4 Ways To Get Over Your Fear Of Commitment
A lot of the time, whenever a person is dealing with some kind of commitment issue, it’s something that is brought about by a fear of rejection. If you look deep down inside, one always wants to be loved, admired, cared for, and understood; however, the desire for these things and feelings may not necessarily be enough to overcome the fear of rejection. And it’s highly likely that we fear rejection from the people we care about the most. You fear commitment; otherwise, you wouldn’t be reading this article. And it’s good that you are acknowledging this fear. It means that you aren’t letting his fear have its power over you.
It means that you aren’t letting this fear cripple you and you want to get over it. You don’t want to let this fear keep you from finding the love that you think you deserve. The first thing that you have to know right now is that you aren’t alone in this fear. There are so many people all over the world who have commitment issues as well. And you have to know that it’s only because you are looking out for yourself. It’s all a part of self-preservation. You try to put on a tough exterior so as to turn other people off to the idea of messing with you; of betraying you. You want to put on a kind of mask that scares people away so that you don’t give them the opportunity to hurt you. You want to hide your insecurities and sensitivities.
But you also know that you need to be able to make yourself more open and vulnerable if you really want to welcome love into your life. You know that you need to open yourself up to that risk. There are also a lot of times wherein fear of commitment can stem itself in relationships where people hold back; wherein people just refuse to give all of themselves in a relationship. In this kind of relationship, you are putting up a shield; and you aren’t letting your partner into your intimate space. You are in a relationship; but you feel so isolated and lonely. You feel so closed off from the partner you’re supposedly trying to get close to.
And it’s so tiring when you have your guard up all of the time. It can be emotionally draining; and it’s just downright intoxicating your relationship. Yes, it can be scary to put yourself in a vulnerable position. But it’s always so endearing and relieving to know that you can trust someone enough to be vulnerable with them without having to worry. So how exactly do you overcome your fears? What do you need to do to get over your commitment issues? What do you have to do to deal with the demons in your soul? Well, you have to know upfront that it just isn’t going to be easy. It’s not a problem that you’re going to be able to fix in the span of one day. However, the more effort you put into it, the higher the chance that you would be able to fix it.

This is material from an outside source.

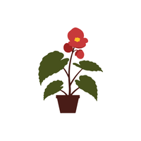 A shade-loving plant with bright red, pink, purple, or white flowers that bloom continuously in warm seasons.

You always have the power to let go of the fear that your own mind generates for itself. You have the power to let go of all of your issues. You just have to make sure that you commit to the entire process. You just have to make sure that you are decided on doing so. But if you’re not exactly sure how everything is going to play out; or if you’re not sure what steps you need to take to get over this fear, then this article is going to be perfect for you. This is for you; the person who wants a real loving relationship that you can really depend on for sustenance and support. And you know that you won’t be able to do that if you don’t try to face your fears and overcome them. So without further ado, here are a few ways you can get over your fear of commitment.
1. Stop starting things that you know you won’t finish.
Don’t ask for someone’s number if you’re never going to call them. Don’t ask them out if you’re only going to flake.
2. Start being more honest with yourself.
Know that you have this fear; know that you’re being unhealthy with the way that you’re dealing with others. Acknowledge that you need to fix something and that what you’re doing is wrong.
3. Boost your self-esteem without bringing other people down.
If you find joy in toying with other peoples’ feelings, then you know that you’re doing something wrong. That can’t be your approach to love and dating.
4. Learn to take better care of yourself.
Sometimes, it’s just a matter of being independent. If you stop relying on other people for validation and confidence, you can have a life that you can be proud of. You won’t see other people as objects anymore.